Gunderloch 2004 Dry Riesling - 92 points
- The estate’s 2004 Riesling trocken, composed of material from exclusively first-rate red stone sites, represents an extraordinary value and demonstrates not just the sort of vintage success with which we are dealing at this address, but also precisely what a dry German Riesling should be. The grapes were harvested at Auslese level, with 8 grams of ripe acidity, and 8 grams of sugar – one gram short of the legal limit for “trocken” – left behind for fruit boosting and balance. The aromas are of soil typical citrus, herb and smoked nuts. The clarity and length of flavors, vivid smoky mineral notes and sappy juicy fruit on the palate are truly formidable.


Pfeffingen (Pfalz region)

Pfeffingen 2004 Scheurebe Trockenbeerenauslese Ungsteiner Herrenberg
Rating: 94 points

Pfeffingen 2004 Riesling Beerenauslese Ungsteiner Herrenberg
The 2004 Ungsteiner Herrenberg Riesling Beerenauslese, harvested with a goodly portion of botrytis, enhances the pineapple and spice aromas and flavors as well as the elegance and buoyancy of the Auslese, but there is also a lovely ripe nectarine character, a creamier texture, along with honey-drenched and salt-tinged aspects to the flavors, particularly in the finish. There exist only 400 half bottles of the Auslese and 300 of the Beerenauslese, but it would be worth a considerable effort to get hold of some!
Rating: 94 points Wine Advocate #161 (Oct 2005); Cost: $56.00

Pfeffingen 2004 Riesling Auslese Ungsteiner Herrenberg
Rating: 92 points

Pfeffingen 2004 Scheurebe BA (Beerenauslese)90 points - More than half the fruit for the 2004 Ungsteiner Herrenberg Scheurebe Beerenauslese was botrytised. Its aromas of grapefruit zest, mint, sage flower and pungent wood smoke lead to a curious palate pitting these high-toned herbal flavors as well as that of celery root against an unusually strong note of caramel for a Riesling so young. The striking, long finish is of an elixir of distilled mint and sage mixed with caramel and honey. While this Scheurebe is undeniably impressive, I find less favor in its candied mint and yin-yang herbal-caramel characteristics than may some other tasters.

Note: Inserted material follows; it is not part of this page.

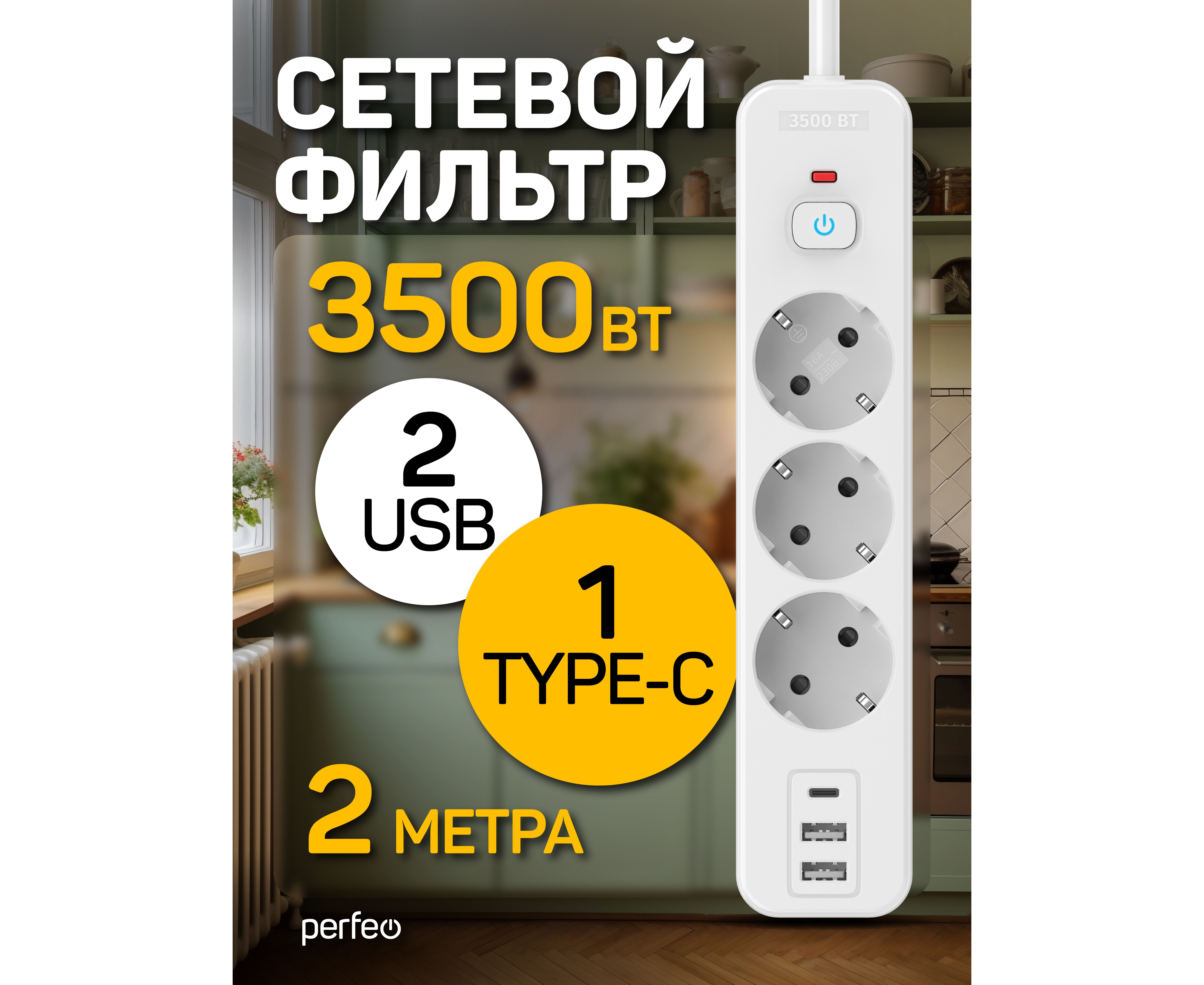 Сетевой фильтр Perfeo "REAL HOME" 2,0м, 3 розетки, 2USB+1TYPE-C, 16А, 3500 Вт,тройная защита,белый.

Pfeffingen 2004 Riesling (dry) Ungsteiner Herrenberg Grosses Gewaechs
Rating: 89 points

 


Schäfer-Fröhlich (Nahe region)


The daring with which young Tim Frohlich and his parents have approached their work over the past several years and their audacious success in crafting riveting Rieslings that marry intense fruit and distinctive minerality has left me astonished. 2004 sets new standards of quality, and no Riesling lover will want to be deprived of a serious sampling of the results. “Everything just clicked this year,” says Frohlich, without any need to be modest, adding, however, that he had to wait until the end of October before he could even begin harvesting fruit that he considered fully ripe. And in fact, the few less-than-successful wines this year were rather thin and too-prominently acidic, early-harvested dry Kabinett Rieslings. Frohlich was still harvesting clean fruit for dry wines near the end of November. Emboldened by his experiments over the past three years, this year he moved to largely spontaneous fermentation and, where he has inoculated, it is with selected yeasts cultured (by a certain Professor Frohlich – no relation – at the Geisenheim Institute) from the vineyard in question. Acid levels in the fruit were high but generally harmonious, and he never considered adjusting them. The Bockenau vineyards were hailed upon in June but this turned out to be for the best as “nature took care of” the drastic green harvest of a potentially huge crop that in Monzingen had to be done by human hands. Speaking of viticultural labors, in the last two years the Frohlichs have carted 500 tons of natural ameliorant onto the stony Felseneck alone, and that’s no ? well, actually, that’s what much of it is! Incidentally, the Frohlichs have acquired new acreage this year in Monzinger Halenberg, Bockenauer Felseneck and Schlossbockelheimer Felsenberg, plus, beginning next year, they will be farming a prime acre of the famed Schlossbockelheimer Kupfergrube acquired from Paul Anheuser. In short, there isn’t a more exciting winery to watch out for in Germany today.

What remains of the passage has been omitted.